[290] These areas were carefully mapped for the Survey by Mr. Nolan, and the lines of division marked by him fairly represent the general distribution of the rocks.
The rocks in each of these three areas are similar. One of their distinguishing features is the intercalation among them of a fossiliferous limestone and calcareous fossiliferous tuffs, which contain well-preserved species of organisms characteristic of the Bala division of the Lower Silurian rocks.[291] There cannot be any question that these organisms were living at the time the strata in which their remains occur are found. The most delicate parts of the sculpture on Illænus Bowmanni and Orthis elegantula are well preserved. Nor have the limestones been pushed into their present places by volcanic agency, or by faults in the terrestrial crust. They are not only regularly intercalated among the volcanic rocks, but the limestone in some places abounds in volcanic dust, while above it come calcareous tuffs, also containing the same fossils. It is thus clearly established that the volcanic series now to be described has its geological age definitely fixed as that of the Bala period.
[291] See the list of fossils as determined by Mr. Baily in Explanatory Memoir to accompany Sheets 73, 74, 83 and 84 of the Geological Survey of Ireland, p. 68 (1876).
The lavas of the Lough Mask region consist of felsites and andesites with rocks of probably more basic composition. The felsites are generally quartziferous porphyries, which occupy a considerable space in each of the three districts. To what extent they are intrusive rather than interstratified remains for investigation. Some of them have undoubtedly invaded other members of the volcanic series. But, on the other hand, fragments of similar quartz-porphyries and felsites abound in the intercalated bands of volcanic breccia.
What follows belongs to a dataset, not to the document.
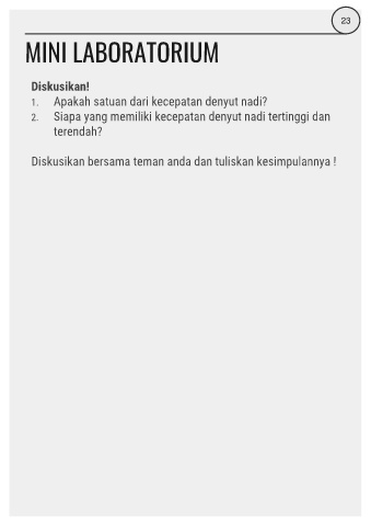 23 MINI LABORATORIUM Diskusikan! 1. Apakah satuan dari kecepatan denyut nadi? 2. Siapa yang memiliki kecepatan denyut nadi tertinggi dan terendah? Diskusikan bersama teman anda dan tuliskan kesimpulannya !

The andesites and more basic lavas are finely-crystalline or compact, dull-green to chocolate-purple rocks, often resembling the "porphyrites" of the Old Red Sandstone. Some of them are strongly vesicular, the cavities being filled with calcite on fresh fracture, though empty on weathered surfaces. The sack-like or pillow structure, already referred to as characteristic of many Lower Silurian lavas, appears conspicuously among some of these rocks. At Bohaun, nine miles south from Westport, where a prolongation of the volcanic series rises to the surface from under the overlying coarse conglomerates, I observed that, owing to the compression which the rocks have there undergone, the pillow-shaped blocks have been squeezed together into rudely polygonal forms, while their vesicles have been greatly drawn out in the direction of tension. Where the rocks have been still more sheared, the distinct pillow-shaped blocks with their vesicular structure disappear, while the more fine-grained crusts that surround them have been broken up and appear as fragments involved in a matrix of green schist.
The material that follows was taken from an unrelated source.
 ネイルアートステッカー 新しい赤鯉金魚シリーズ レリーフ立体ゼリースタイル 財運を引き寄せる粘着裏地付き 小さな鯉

Intercalated with the lavas are numerous bands of volcanic breccia and fine tuff. The stones in these breccias consist chiefly of various felsites with andesites and more basic lavas. But pieces of jasper, chert, shale and grit are not infrequent. In some places abundant blocks of black shale are to be noticed, probably derived from the Llandeilo group which exists below, and which has here and there been ridged up to the surface in the midst of the volcanic rocks.[292] Near Shangort I noticed in one of these breccias one block measuring 12 feet, another 20 feet in length and 3 or 4 feet thick, composed of alternating bands of grit and slate. It is interesting to note that these strata had already undergone cleavage before disruption, the bands of slate being strongly cleaved obliquely to the bedding. None of the Llandeilo or other rocks in the neighbourhood display this structure. The blocks seem to have been derived from some deeper group of strata. They are laid down parallel with the rude bedding of the breccia in which they lie.
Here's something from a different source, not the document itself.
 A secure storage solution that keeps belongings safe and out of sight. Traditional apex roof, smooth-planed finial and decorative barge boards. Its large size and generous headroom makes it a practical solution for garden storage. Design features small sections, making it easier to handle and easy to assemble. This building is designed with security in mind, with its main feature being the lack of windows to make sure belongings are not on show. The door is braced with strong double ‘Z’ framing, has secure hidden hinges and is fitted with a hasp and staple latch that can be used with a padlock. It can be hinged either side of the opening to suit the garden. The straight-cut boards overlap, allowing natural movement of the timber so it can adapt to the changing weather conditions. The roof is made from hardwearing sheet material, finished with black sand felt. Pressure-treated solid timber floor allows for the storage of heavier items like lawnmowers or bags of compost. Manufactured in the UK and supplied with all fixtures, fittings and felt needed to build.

[292] In re-examining this region, Mr. Kilroe has found in the stream west of the monastery, Tourmakeady, an uprise of graptolitic black shale containing forms belonging to the very lowest Llandeilo or Upper Arenig strata, and a similar band above Leenane, Killary Harbour.
The fine tuffs and thin ashy limestones associated with the thicker band of limestone show the renewal of volcanic explosions after the interval marked by the calcareous deposit which is sometimes 20 or 40 feet thick. In many places this limestone is brecciated and much mingled with volcanic dust and lapilli. At Shangort, for example, the thick tolerably pure limestone is truncated on the west and north sides by a coarse agglomerate probably filling a volcanic vent. A few hundred yards further north, beyond the interrupting agglomerate, the limestone reappears on the same line of strike, but is then found to be nodular and brecciated and much mingled with volcanic detritus. It lies among ashy grits and tuffs.
Fig. 64.—Diagram of the general relations of the different groups of rock in the Lower Silurian volcanic district along the western shore of Lough Mask.
a, Llandeilo shales, cherts and grits; b, Volcanic breccias; c, Felsites and andesites; d, Tuffs and ashy grits and shales; e, Limestone with Bala fossils; f, Calcareous tuffs and thin bands of ashy limestone with fossils; g, Coarse conglomerate and grits; h, Wenlock strata resting unconformably on the Bala rocks and passing southwards from these to overlie an older series of schists; *, Fault.